Сын вдовца сделал это. Он поправил синие цветы за розовой лентой, поднял глаза на потемневшее от времени зеркало в прихожей — и ничего не увидел в нем.

— Нет меня! — радостно выдохнул Феликс.

— Перестань дурачиться, — сказал отец, появившись в прихожей. — И сними шляпу Клары. Ты ее помнешь. Почему ты выскочил из-за стола в самый неподходящий момент? Это неудобно наконец, тебя ждут.

Слова отца вновь сделали Феликса видимым. Он нехотя снял шляпу Клары и вернулся к столу.

— Мальчик, — кокетливо сказала немолодая женщина взрослому парню. — Ты так красив в своей молодости. У тебя есть избранница сердца? Скажи, ты полон любви?

— Ненависти, — сухо ответил Феликс, придвинув к себе тарелку с винегретом.

— И кого ты так ненавидишь? — улыбаясь, спросила Клара.

— Вас, — коротко ответил Шапа, сделав внезапно невидимым весь мир вокруг себя.

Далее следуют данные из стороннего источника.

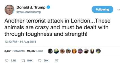 The President tweeted: “Another terrorist attack in London…These animals are crazy and must be dealt with through toughness and strength!”
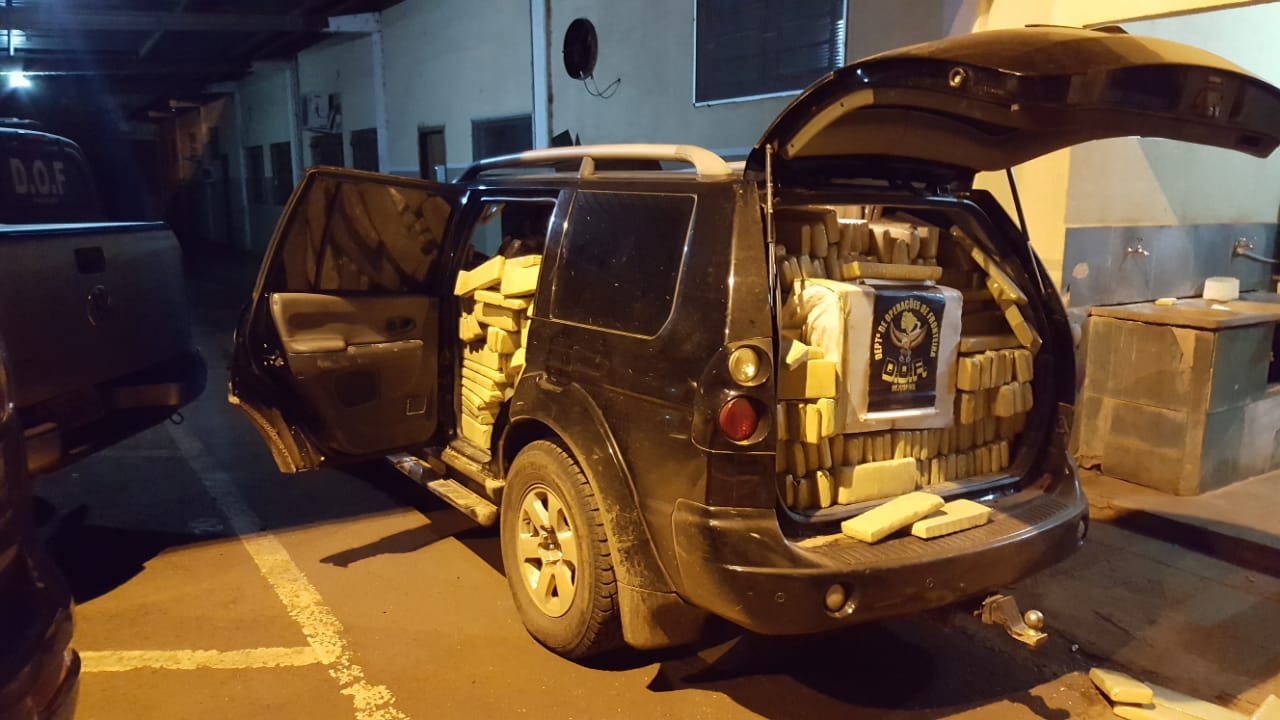 Jardim (MS) – Policiais do Departamento de Operações de Fronteira (DOF) apreenderam, na noite de domingo (25) por volta das 19h30, um veículo Pajero Sport, com placas de Campo Grande, MS transportando vários volumes prensados de uma substância
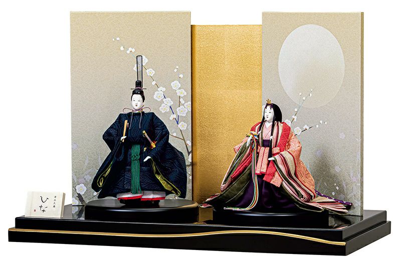 月に白梅の趣きのある台屏風も美しいですよ。上質で特別なお雛様をお探しの方に、ぜひおすすめします。

Он был в этом мире, а мира не было. Феликс тогда понял: только ненависть способна на это. Ненависть — это шапка-невидимка, могущая скрыть от глаз наших все сущее, кроме нас самих.

Шапа стал жить ненавистью. Он прогнал от себя девушку Марину. Он всех прогнал от себя, решившись на полное одиночество.

Феликс учился в университете, он общался с сокурсниками, он ходил на вечеринки, пил водку, ухаживал за девицами, но он ненавидел все вокруг до полной невидимости, но зато мог мериться с невидимым, не помышляя о самоубийстве, об исчезновении себя самого.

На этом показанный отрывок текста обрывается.